◆ **What is required**: The answer is a stretch of the material below, returned exactly: the line containing "Свадьба – одно", the line containing "Sanockie szkoły ponownie z medalami", and all lines between.

◆ **Extracted entries**:
+ + + + +
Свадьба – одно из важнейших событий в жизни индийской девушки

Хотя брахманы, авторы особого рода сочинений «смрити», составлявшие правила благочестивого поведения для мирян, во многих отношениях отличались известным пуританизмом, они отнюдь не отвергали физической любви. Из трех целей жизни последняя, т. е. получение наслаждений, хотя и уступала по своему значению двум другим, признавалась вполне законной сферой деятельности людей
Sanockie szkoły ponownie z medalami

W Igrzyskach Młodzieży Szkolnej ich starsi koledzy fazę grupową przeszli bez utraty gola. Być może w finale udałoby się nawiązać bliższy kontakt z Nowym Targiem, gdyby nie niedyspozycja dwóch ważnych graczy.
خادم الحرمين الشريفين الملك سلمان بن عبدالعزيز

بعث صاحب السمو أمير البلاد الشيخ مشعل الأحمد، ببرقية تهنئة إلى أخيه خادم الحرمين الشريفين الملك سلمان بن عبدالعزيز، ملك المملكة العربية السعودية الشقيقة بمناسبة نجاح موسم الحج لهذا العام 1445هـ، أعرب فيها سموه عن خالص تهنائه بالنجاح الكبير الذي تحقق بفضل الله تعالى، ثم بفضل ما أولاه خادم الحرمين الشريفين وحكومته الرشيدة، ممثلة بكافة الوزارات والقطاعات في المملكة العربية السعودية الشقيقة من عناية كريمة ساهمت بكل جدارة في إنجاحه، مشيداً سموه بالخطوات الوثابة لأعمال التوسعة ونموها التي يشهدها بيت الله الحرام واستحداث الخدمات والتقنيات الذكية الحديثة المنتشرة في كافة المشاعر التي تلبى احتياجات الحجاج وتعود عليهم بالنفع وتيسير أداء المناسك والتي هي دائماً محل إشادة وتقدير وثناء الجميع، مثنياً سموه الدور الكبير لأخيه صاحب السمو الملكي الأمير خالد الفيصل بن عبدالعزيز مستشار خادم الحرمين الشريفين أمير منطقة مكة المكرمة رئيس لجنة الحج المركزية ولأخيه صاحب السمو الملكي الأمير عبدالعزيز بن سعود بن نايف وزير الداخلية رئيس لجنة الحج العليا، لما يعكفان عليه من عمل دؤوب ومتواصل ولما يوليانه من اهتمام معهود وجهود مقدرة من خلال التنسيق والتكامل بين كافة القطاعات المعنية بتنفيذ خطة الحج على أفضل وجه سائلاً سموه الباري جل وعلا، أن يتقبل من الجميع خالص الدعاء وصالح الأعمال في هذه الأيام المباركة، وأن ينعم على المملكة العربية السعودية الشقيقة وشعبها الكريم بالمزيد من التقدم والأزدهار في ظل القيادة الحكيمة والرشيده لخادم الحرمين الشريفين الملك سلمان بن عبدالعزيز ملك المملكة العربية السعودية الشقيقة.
+ + + + +
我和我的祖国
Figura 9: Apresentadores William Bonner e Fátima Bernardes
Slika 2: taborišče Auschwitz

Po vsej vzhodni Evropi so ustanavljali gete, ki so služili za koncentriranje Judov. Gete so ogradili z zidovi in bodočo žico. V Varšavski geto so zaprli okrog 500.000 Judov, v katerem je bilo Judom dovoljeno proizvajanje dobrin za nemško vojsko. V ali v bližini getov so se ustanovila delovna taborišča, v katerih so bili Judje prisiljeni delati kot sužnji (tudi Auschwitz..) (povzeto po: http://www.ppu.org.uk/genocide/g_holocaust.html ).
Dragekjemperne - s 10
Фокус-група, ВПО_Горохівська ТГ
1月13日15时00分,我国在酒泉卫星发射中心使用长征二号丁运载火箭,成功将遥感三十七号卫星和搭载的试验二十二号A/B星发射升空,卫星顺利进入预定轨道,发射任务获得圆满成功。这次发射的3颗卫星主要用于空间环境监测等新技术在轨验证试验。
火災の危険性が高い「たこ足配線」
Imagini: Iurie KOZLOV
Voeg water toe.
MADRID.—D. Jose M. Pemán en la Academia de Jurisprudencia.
+ + + + +
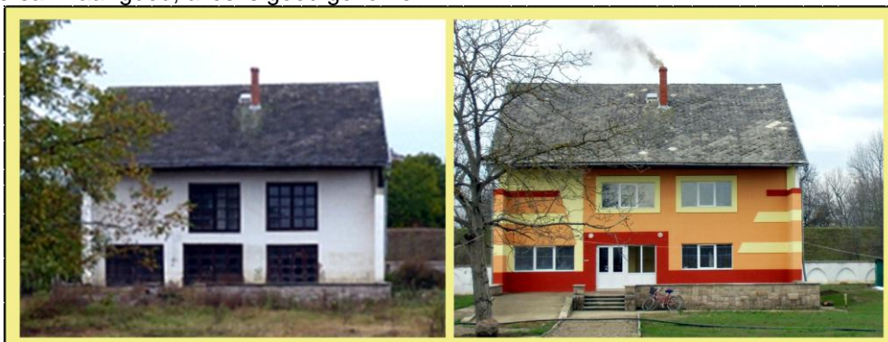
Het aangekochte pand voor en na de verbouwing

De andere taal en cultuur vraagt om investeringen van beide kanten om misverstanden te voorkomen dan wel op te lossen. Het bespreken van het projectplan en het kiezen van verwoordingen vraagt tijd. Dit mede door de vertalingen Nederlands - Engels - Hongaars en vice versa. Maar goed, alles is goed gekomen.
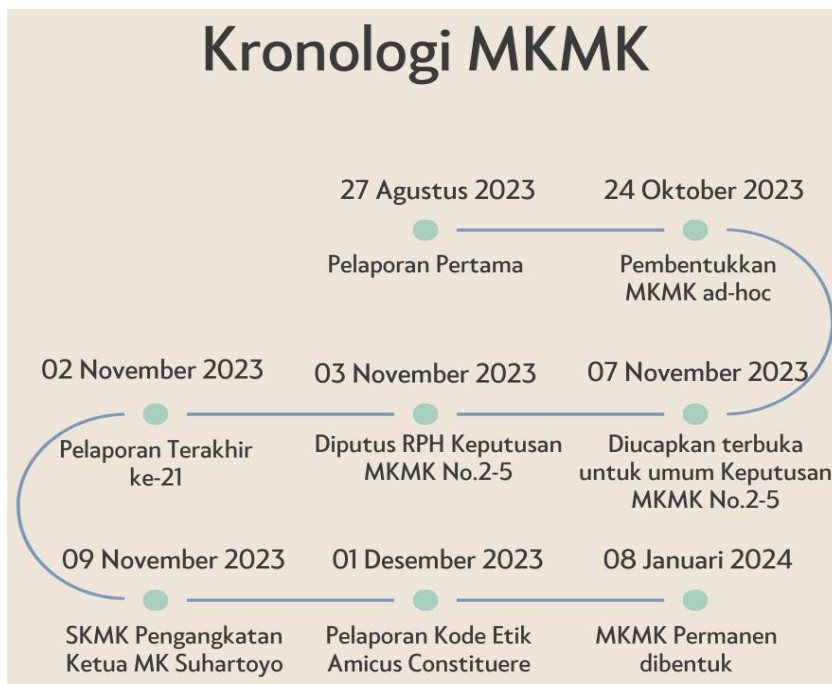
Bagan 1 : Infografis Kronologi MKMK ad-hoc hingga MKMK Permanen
+ + + + +
◆ **Written answer**:
Свадьба – одно из важнейших событий в жизни индийской девушки

Хотя брахманы, авторы особого рода сочинений «смрити», составлявшие правила благочестивого поведения для мирян, во многих отношениях отличались известным пуританизмом, они отнюдь не отвергали физической любви. Из трех целей жизни последняя, т. е. получение наслаждений, хотя и уступала по своему значению двум другим, признавалась вполне законной сферой деятельности людей
Sanockie szkoły ponownie z medalami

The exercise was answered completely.